『ランボー ラスト・ブラッド』:2019、アメリカ

アリゾナ州ボウイ。巨大なハリケーンのテルマが襲来し、3人のハイカーが山で遭難した。天候が悪化して救難隊も避難を余儀なくされる中、ボランティアのジョン・ランボーは馬に乗って捜索を続行する。彼は川の下流で女性の遺体を発見し、周辺を調べた。森を進んだ彼は、遭難者のジミーとベッキーを見つけた。先程の遺体は、ジミーの妻だった。ランボーから死を伝えられたジミーは「捜しに行く」と言い、その場を離れた。ランボーは鉄砲水からベッキーを守り、麓まで連れ帰った。
ランボーは亡き父の牧場へ戻り、同居している家政婦のマリア・ベルトランと話す。翌朝、彼はマリアに、孫娘のガブリエラがいないことについて尋ねた。マリアはアントニアの所にいると告げ、彼女が大学へ進学することを話す。ランボーはトンネルへ行く時、ベトナム時代のことを思い出した。作業場で進学祝いのバターナイフを作っていると、ガブリエラが戻って来た。2人はトンネルを出て馬に乗り、会話を交わす。大学へ行く仲間のパーティーがあることを聞かされたランボーは、トンネルへ招待するよう促した。
ガブリエラが友人たちをトンネルに案内する時、ランボーは同行せずに家で待機した。

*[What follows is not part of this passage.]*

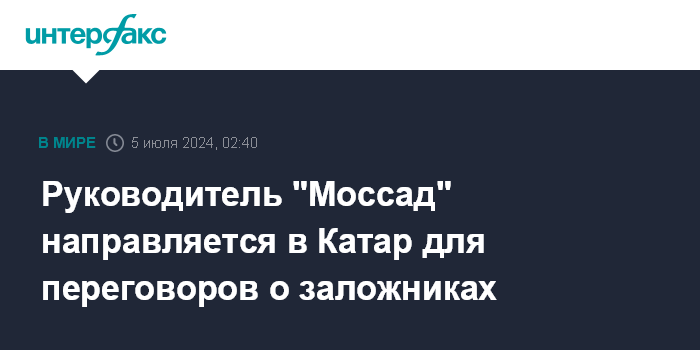 Руководитель "Моссад" направляется в Катар для переговоров о заложниках
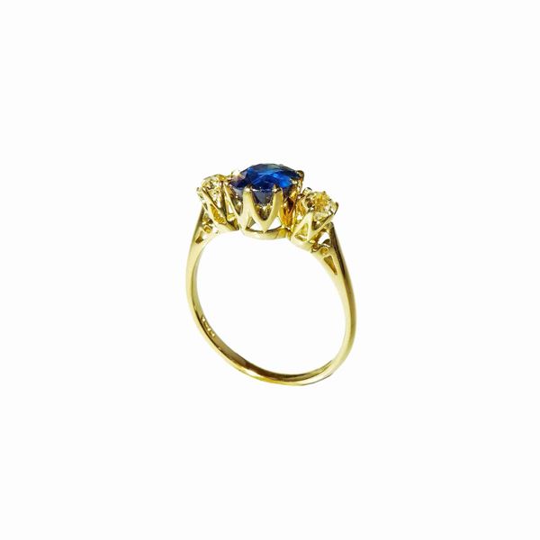 MATERIALE: oro giallo, diamanti e zaffiro naturale DESCRIZIONE: anello realizzato con al centro zaffiro taglio cuscino tra due diamanti taglio vecchio, reca il marchio 750 MISURE: anello 14 PESO: zaffiro naturale ct 1.76, corredato di certificato Gemmological Certification Services, Londra, n. 57763315, del 15/10/2015, gr 2.7

ガブリエラは男友達と一緒にいる時、ジゼルから電話を受けた。友人たちが帰った後、ランボーがトンネルへ行くと、ガブリエラが「メキシコへ行かなきゃ。お父さんがいた。以前、ここにいた友達のジゼルが見つけてくれた」と話す。「なぜ出て行ったのか聞きたい」と彼女が言うと、ランボーは「クズだからだ」と告げる。「人は理由も無く悪いことなんかしない」とガブリエラが告げると、彼は「心が黒くなった男に良心など無い」と吐き捨て、大人になるまで待つよう諭した。
その日は受け入れたように見えたガブリエラだったが、翌朝になると、やはりメキシコへ行くと言い出した。マリアは「まだジゼルに連絡してたなんて。あれは悪い女だ」と声を荒らげ、ガブリエラの父のマヌエルが母に暴力を振るってランボーが止めてくれたことを話した。ガブリエラはアントニアの所へ行くと嘘をつき、車でメキシコへ向かった。彼女はジゼルを訪ね、マヌエルの家へ案内してもらう。自分たちを捨てた理由をガブリエラが質問すると、マヌエルは「お前と母さんと暮らすのが何の意味も無いと気付いたからだ。そして母さんは、欲しくも無い娘を残して死んだ。二度と来るな」と冷たく言い放った。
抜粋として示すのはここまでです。